Hyde Park on Hudson

Hyde Park on Hudson

Roger Michell (2012)

The preliminaries for this ‘centrepiece gala’ of the London Film Festival were good, and better than they might have been:  Boris Johnson had given last-minute apologies for absence.   Roger Michell winningly said he was sorry the audience would be missing The Great British Bake Off final by attending the premiere of Hyde Park on Hudson.  Bill Murray added a few, funny words.  After that, though, it was all downhill.  It’s soon evident that Hyde Park on Hudson doesn’t have a strong motor and its first scenes don’t give much reason to hope that subtlety will compensate for lack of momentum.  It takes a bit longer, however, to work out quite what’s wrong with the film.  This dramatisation of the friendship and affair between Franklin D Roosevelt (Murray) and his distant cousin – ‘fifth or sixth removed … depending how you count’ – Margaret ‘Daisy’ Suckley (Laura Linney) is narrated by Daisy.  There’s a lot of voiceover in the early stages, and what’s on the screen isn’t much more than visual confirmation of what’s already being explained on the soundtrack.  But the fundamental weaknesses of Richard Nelson’s screenplay and Roger Michell’s direction become clear only with the arrival, for a short visit to Hyde Park on Hudson (FDR’s mother’s house, where the President took his holidays from Washington), of King George VI and Queen Elizabeth – a visit that takes place a few weeks before the outbreak of war in Europe, in the summer of 1939.

At this point the film resolves itself into a series of behind-closed-doors dialogues:  between FDR and the King (Samuel West), with the polio victim reassuring the stutterer that he too can overcome his disability; between the King and Queen in their bedroom, Elizabeth anxiously alert to signs of the Roosevelts slighting them both, and Bertie especially; inside a car, where Missy (Elizabeth Marvel), Roosevelt’s secretary, enlightens Daisy on the subject of being the President’s mistress.   The first two of these conversations are entertaining – you feel as if you’re eavesdropping on the private talk of public figures, and the royal paranoia about being looked down upon is, with Olivia Colman playing Queen Elizabeth, quite funny and touching.   There’s a farcical quality to the comings and goings through the night and the early morning which lifts the movie’s even, dawdling pace.  But Daisy’s running through the woods to get away from Missy and a man on FDR’s staff is visually dynamic in a rather desperate way (as if Michell knows he needs an injection of pace and isn’t too concerned about how that’s achieved); and the subsequent conversation with Missy in the car is familiar from other movies which describe the naivete of paramours who think they’re special.  It seems crucial in Hyde Park on Hudson that the unknown figure of Daisy Suckley should be the main focus of interest, and she’s not.  According to legends on the screen at the end of the movie, Daisy’s relationship with Roosevelt came to light only when she died, in her hundredth year, in 1991, when letters to and from FDR were discovered among her possessions.  Richard Nelson first wrote Hyde Park on Hudson as a radio play, broadcast on Radio 3 in 2009:  I don’t know whether this comprised readings from the letters but you can see how the story might work in epistolary form.  Without that framework, there’s not enough material for a drama – or at least Nelson doesn’t have the imagination to build one.  Laura Linney is a fine actress and she plays the attentive, self-consciously spinsterly Daisy with a lot of skill but the role is too thinly written for her to develop much.   Daisy is someone on the margins of the high-powered company assembled at Hyde Park on Hudson, and that’s how she stays in the movie which is meant to be her story.

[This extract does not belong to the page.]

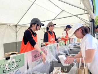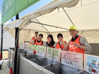 ごみ箱の前に立ち、ごみを捨てにきた来場者に対して分別を呼びかけます。ごみ箱の袋が一杯になったら袋を交換したり、一杯になった袋を集積所まで運んだりします。

Bill Murray inhabits FDR persuasively – he’s not only witty but good too at suggesting a man well practised in showing people what he wants them to see and keeping plenty in reserve.   As Eleanor Roosevelt, Olivia Williams seems too sharply aggressive at first but she settles down to give a good performance:  Eleanor is briskly affable, knowing it’s part of the job, but clearly bored by the social parts of that job and smilingly condescending towards the British visitors.   (The film implies that FDR’s extra-marital interests were something his wife was well used to – I don’t know whether there’s evidence for this.)   Olivia Colman’s Elizabeth is a passionately loyal, not very bright woman – it’s easier to believe with her than it was with Helena Bonham-Carter’s Queen Elizabeth that she grew into the Queen Mother.  A more surprising success is Samuel West’s Bertie.  Only two years after The King’s Speech (and with Madonna’s WE, which I’ve not seen, in between), you’d think it would be hard to do anything distinctive with George VI but West does, and humorously.   FDR’s mother Sara Delano is determined to make the most of hosting a royal visit and Elizabeth Wilson, who plays her, emphatically makes the most of the part.  So does Eleanor Bron, in the even smaller role of Daisy’s aunt.